Lo que haga o deje de hacer con ese icono da igual... Si el personaje es fuerte, resistirá (¿no lo hizo su amigo con aquella serie televisiva de los sesenta?)

Jero dijo...

Tenenbaum: vale, no es "Street Fighter", ni "Spice Girls: la película"; pero para lo que podría haber sido (imagínate el mismo material en manos de Tarantino, por ejemplo), me parece terriblemente decepcionante. Y no debería serlo, ojo, porque Snyder ya firmó en el pasado una película como "300", igualmente hortera, boba y artificial. Lo que pasa es que servidor siempre tiende a pensar en positivo y claro, luego pasa lo que pasa... Las versiones de Emily Browning están bastante bien, es verdad. Y también se coló en la banda sonora un tema de Skunk Anansie, lo cual siempre es de agradecer :)

David: si no te interesa la peli, tiempo, dinero y cabreo que te ahorras, la verdad.
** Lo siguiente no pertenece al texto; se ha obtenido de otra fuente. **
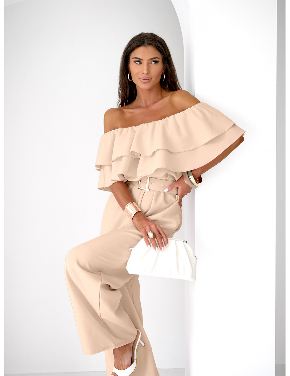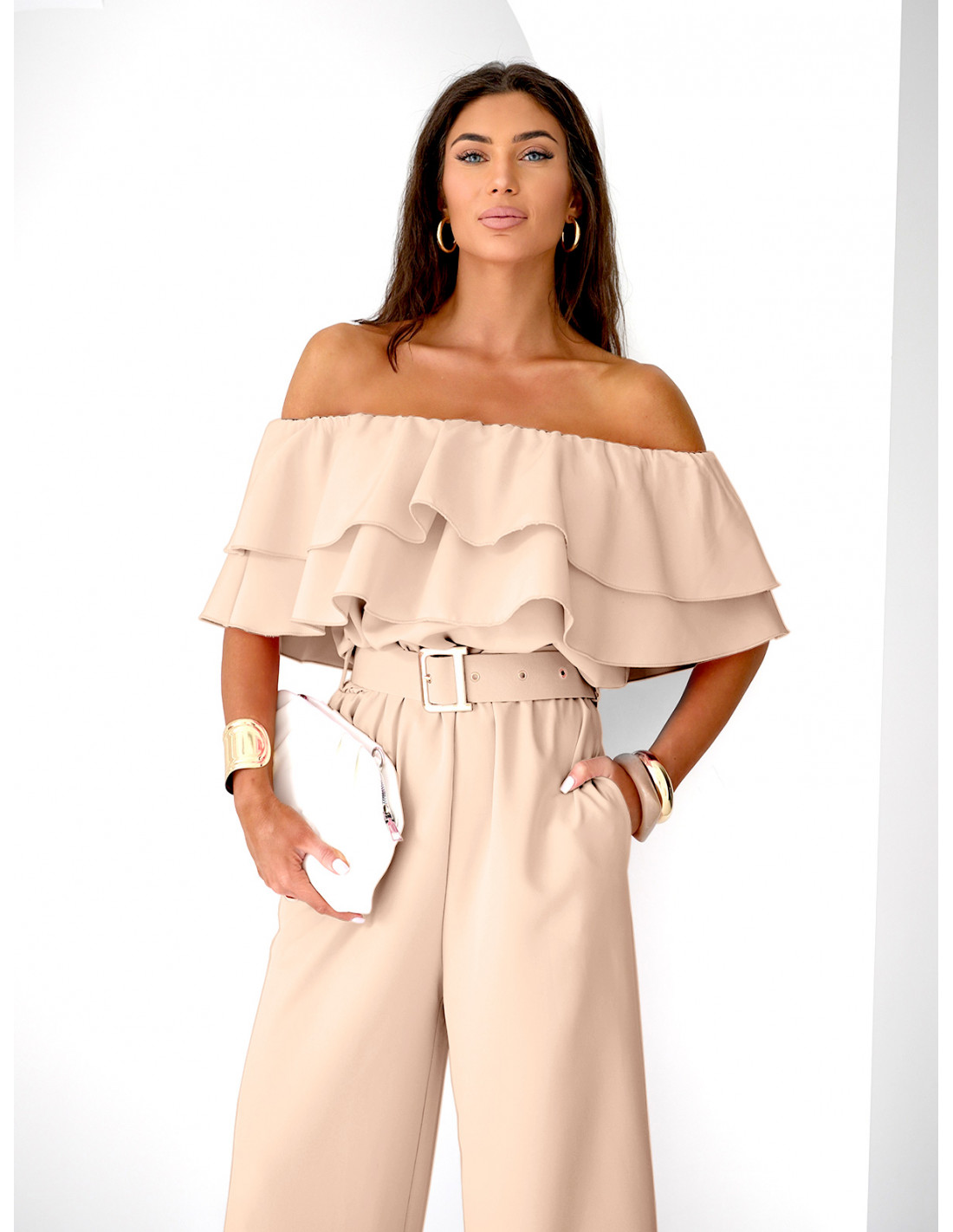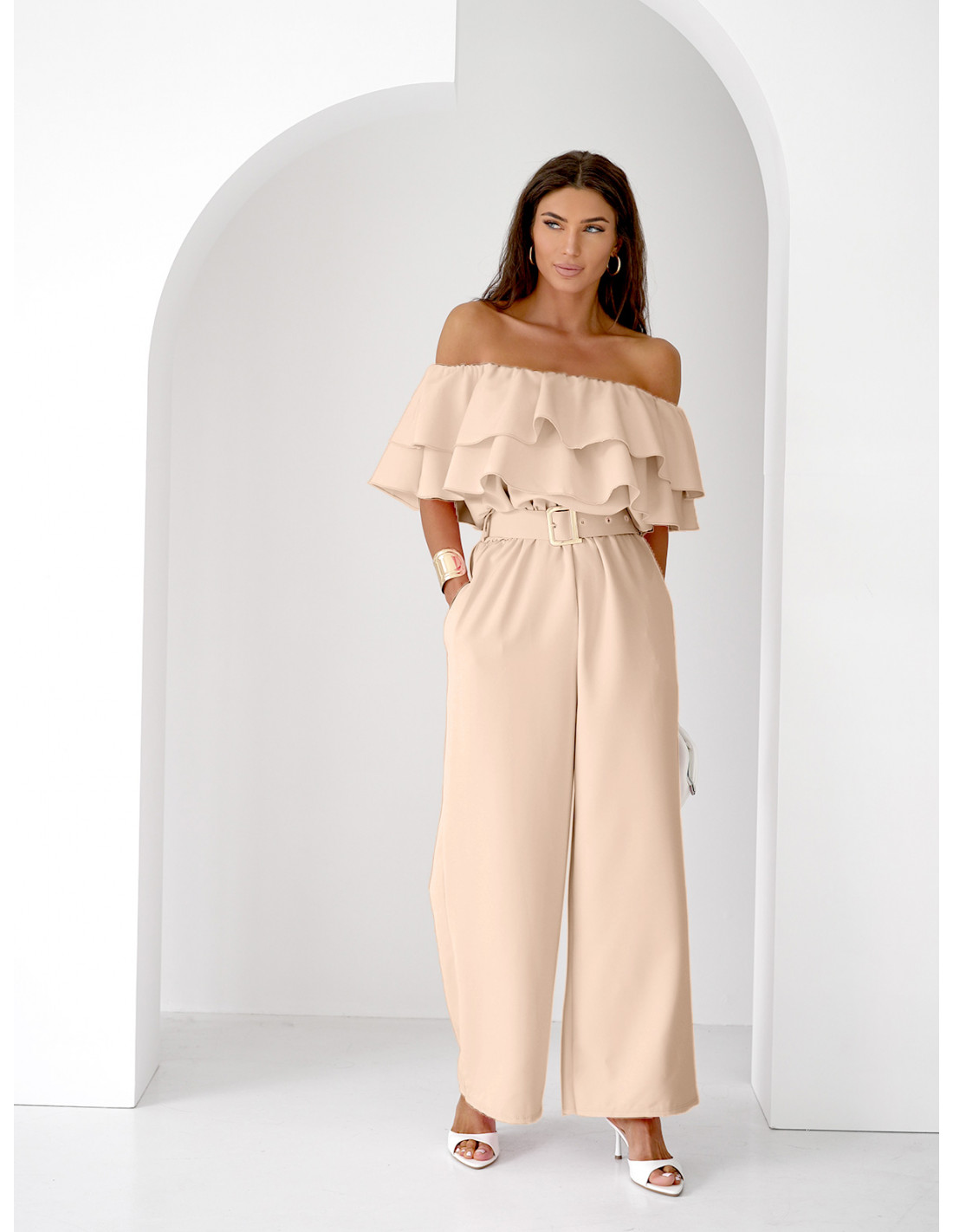 Stylowy kombinezon z odkrytymi ramionami, który pięknie podkreśla kobiecą sylwetkę i dodaje lekkości całej stylizacji.

Aunque si no has leído toda la entrada se te habrá escapado el enlace a la versión de "Tomorrow never knows" que suena en la peli (lo digo como curiosidad, vamos; nada que hacer al lado de la original de tus chicos favoritos). El icono resistirá, claro (si resistió a "Smallville"...), pero eso no significa que no me vaya a doler cuando vea lo que le haga este señor... Ojalá Christopher Nolan ate bien corto a Snyder, porque pensar en un Superman volando a cámara lenta sobre una ciudad requetedigital durante 2 horas de película me da cien patadas. Mira que se ha criticado la secuela/remake de Bryan Singer (que a mí sí me gustó), pero apuesto a que contenía más cine que la futura versión de Snyder... Y si me equivoco, mejor para todos.

David dijo...

Pues sí se me había escapado (ya te había dicho que no había leído la entrada completa). Y bueno... pues casi mejor que se me hubiera escapado.
A ver si hay suerte y te equivocas.

charlie furilo dijo...

Menuda castaña. Snyder se ha debido quedar a gusto tras alumbrar semejante truño. Para una vez que voy al cine (no pisaba uno desde septiembre de 2010 para ver "Origen") y me topo con semejante memez. Menos mal que fui con invitación, que si no...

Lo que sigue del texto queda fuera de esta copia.